Неудачник. Я помнил его — все, кого касалась эта тень, помнили, — и всё же мне было не до него в ту ночь, когда Диптаун мигнул в последний раз. Я был там, у кромки, когда Глубина вздохнула в последний раз. А после той ночи Человек Без Лица исчез — не ушёл никуда, не нырял: я ни разу в жизни не видел, чтобы он нырял, — просто перестал появляться у стоек, где привычно сидел двадцать лет. Я стоял и думал, что потерял его насовсем, что его «плохо, очень плохо» было прощанием. А он, оказывается, не уходил. Он носился с этим один, как с раскалённым ядром, всё это время — и донёс. Он знал раньше нас. Он всегда знал раньше. Просто потому, что нёс то, чего мы не знали. Я знал его дольше, чем кого бы то ни было из живых. И не знал о нём ничего.
Он посмотрел на каждого по очереди, не торопясь, будто хотел, чтобы эти слова легли не на слух, а глубже.
— И вот теперь настало то, чего я боялся с самого начала. То, к чему я пытался подготовиться, выстраивая правила, собирая вас, пытаясь создать систему, которая выдержит удар. И я не знаю, выдержит ли она. Но я знаю точно: мы не сможем удержать это в одиночку. Ни я, ни кто-либо другой. Сила, которая пришла сквозь меня, не должна стать чьей-то личной победой. Она должна быть общей ответственностью.
Дибенко опустил плечи, будто сбрасывая тяжёлый груз, и добавил уже спокойнее:
— Это не оправдание. Это не попытка переложить вину. Это просто то, как всё было. Теперь вы знаете. И теперь решать вам — что с этим делать.
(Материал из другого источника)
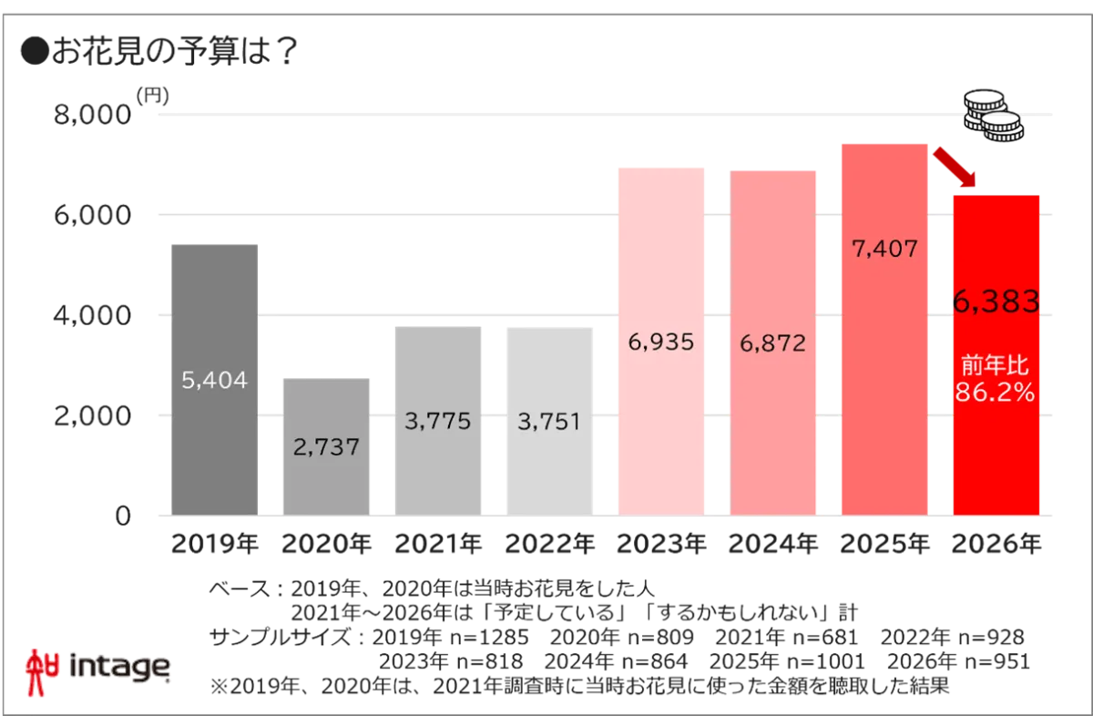 2026年、日本における花見市場は前年と比較して2割減少し、総計2,341億円となりました。このデータは株式会社インテージが日本全国の15歳から79歳の男女2,500人を対象に実施した調査によるものです。調査結果をもとにした今年の花見の動向を詳しく見ていきます。

Тишина в комнате стала другой — не напряжённой, а собранной. Как будто каждый из дайверов теперь нёс часть этой правды вместе с ним.
Первым заговорил Анатоль. Тот, кто знал его только по музыке, которую он вытаскивал из Глубины, никогда бы не поверил, что этот человек умеет быть таким резким. Анатоль говорил редко, прямо в глаза, без преамбул и без смягчений — и тем удивительнее было, что человек с таким жёстким характером слышит Глубину как музыку, которую не различает больше никто.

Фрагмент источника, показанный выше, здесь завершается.